Arzt und Patient sollten weiterhin

bestehen bleiben. Auch die ärztlichen

Aufgaben sind und bleiben

die gleichen: Krankheiten

zu diagnostizieren und zu heilen,

Leid zu lindern und Sterbende zu

begleiten. Was sich ändert, sind

die Werkzeuge, um diese Ziele zu

erreichen.

Was ist für Sie persönlich die

fantastischste digitale Erfindung

der letzten Jahrzehnte?

Ich glaube wirklich, dass die Integration

von künstlicher Intelligenz

und maschinellem Lernen zur Bewältigung

von großen Datenmengen

die zentrale Entdeckung ist,

wo das Potenzial richtig zum Tragen

kommt. Diese zentrale Erfindung

basiert auch darauf, dass wir

digitale Biomarker haben, wo wir

Vitalwerte physiologischer Prozesse

einfach noch schärfer verstehen.

So wie uns das Mikroskop die

optische Wahrnehmung geschärft

hat, so können wir im Endeffekt

über die künstliche Intelligenz, maschinelles

Lernen, die Signale besser

verstehen.

Auch wir als Gesellschaft sind

gefordert, uns neu aufzustellen

und auszurichten – neue Wege

zu denken.
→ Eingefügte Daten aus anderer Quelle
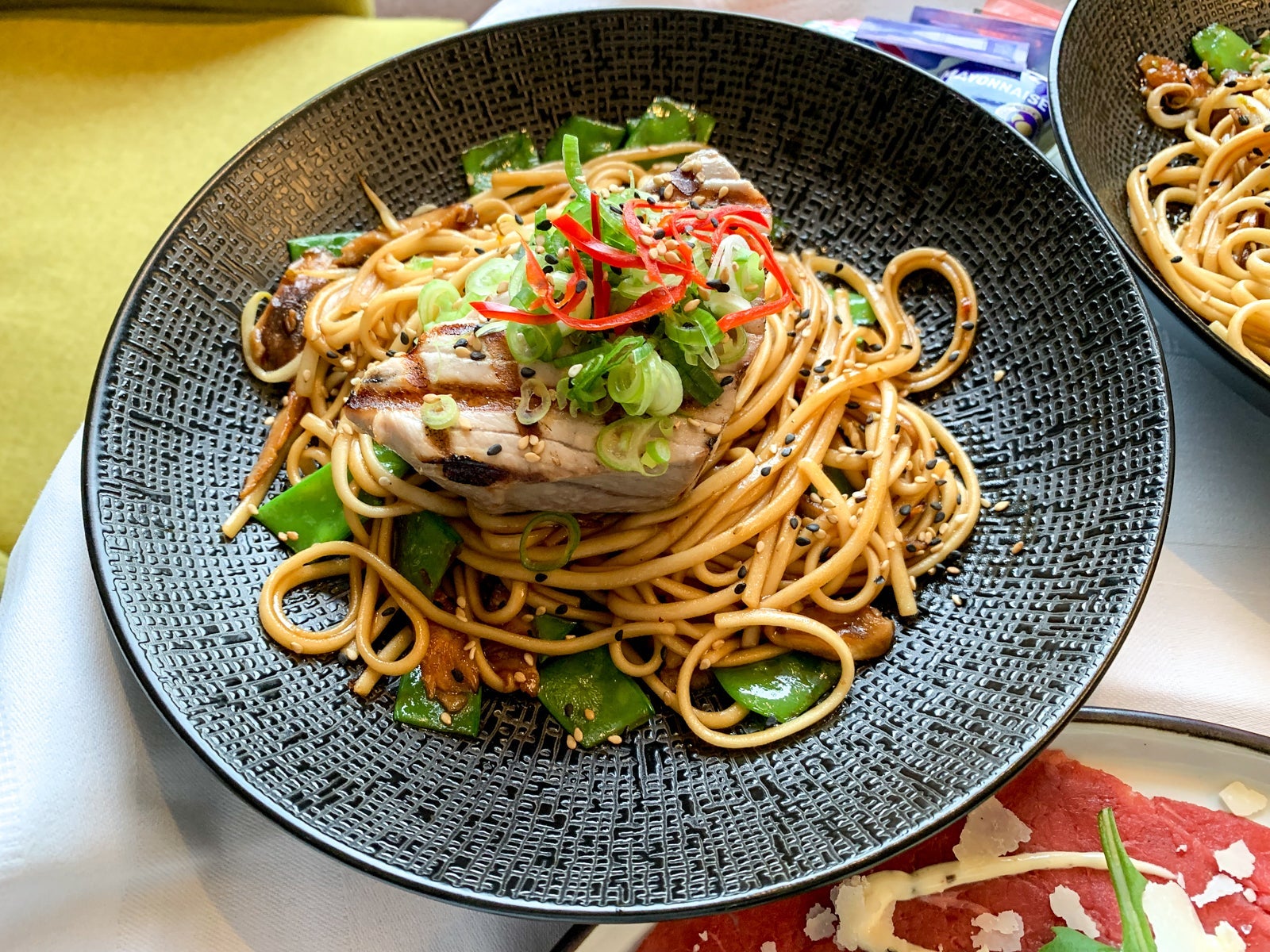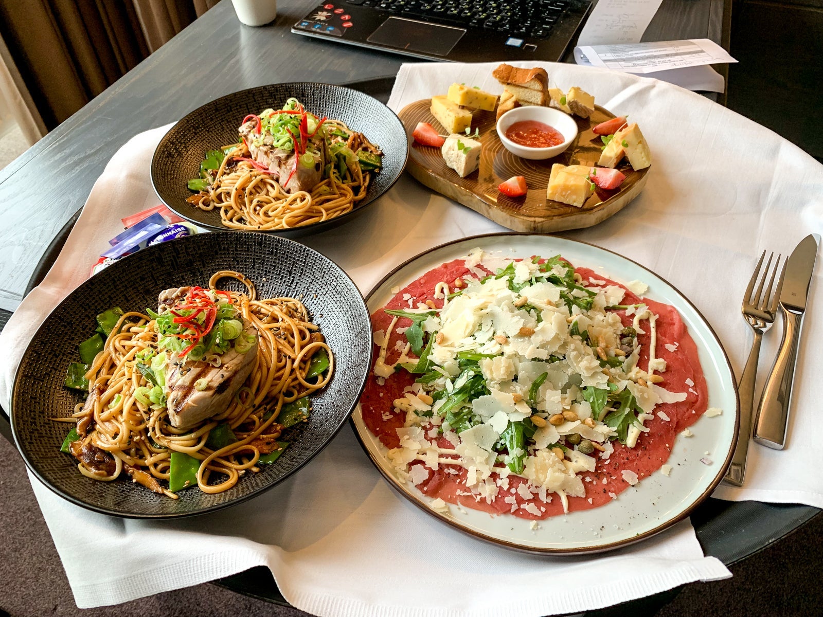 The hotel had two on-site restaurants: Bodon, a French restaurant, and The Harbor Club. Room service was catered directly from The Harbor Club, with a limited menu available, if you could find it hiding on your TV. We decided to order in the first night, splitting a beef tartare and cheese board and each getting a tuna filet on a bed of stir-fried noodles.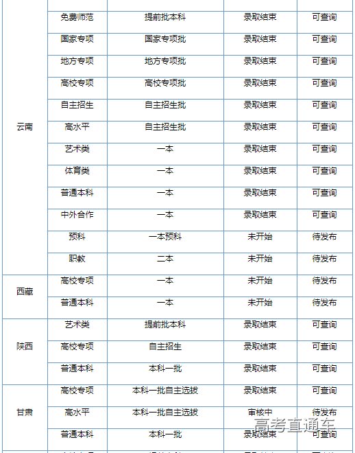 云南大学(分数线,专业设置)2018年招生录取各省录取状态

Was sind für Sie die

wesentlichsten Wandlungen, auf

die wir uns einstellen müssen?

Neben Chancen, die die digitale

Transformation bietet, haben wir

auch eine relevante Gefahr: Der

digitale Wandel kann zu neuen

Ungleichheiten führen – gerade

bei Menschen, die in der Vergangenheit

auch schon vulnerable

Gruppen waren: ältere, multimorbide

Menschen, Menschen mit

Sprachbarrieren oder niedrigem

Bildungsniveau und Menschen

mit psychischen Erkrankungen. Sie

benötigen ganz besonders unsere

Versorgung, aber es besteht die

Gefahr, dass sie sie nicht erhalten.

Daher, glaube ich, wird es eine

ganz zentrale Aufgabe sein, dort

Unterstützungsangebote, Kümmerer

wie die schon erwähnten neuen

Gesundheitsberufe zu haben,

um sicherzustellen, dass der digitale

Wandel nicht zu neuen Ungleichheiten

führt.

Univ.-Prof. Dr. med. Sebastian Kuhn

ist Facharzt für Orthopädie und Unfallchirurgie mit dem Schwerpunkt Schwerverletztenversorgung, Universitätsmedizin

Mainz. 2017 etablierte er das erste Curriculum „Medizin im Digitalen Zeitalter“ für Medizinstudierende an der Universitätsmedizin

Mainz, dann an weiteren Kliniken. Gemeinsam mit der Bundesärztekammer entwickelte er 2019 ein

Fortbildungscurriculum zum digitalen Wandel. Zum 1. Oktober 2020 trat er die W3-Professur für Digitale Medizin an der

medizinischen Fakultät OWL, Universität Bielefeld, an. Seit 1. Oktober 2022 ist er W3-Professor für Digitale Medizin an der

Philipps-Universität Marburg und Leiter des Instituts für Digitale Medizin, Universitätsklinikum Gießen-Marburg. Er ist zudem

Gründer und Geschäftsführer der MED.digital GmbH und Mitglied in mehreren Reformkommissionen und Gremien.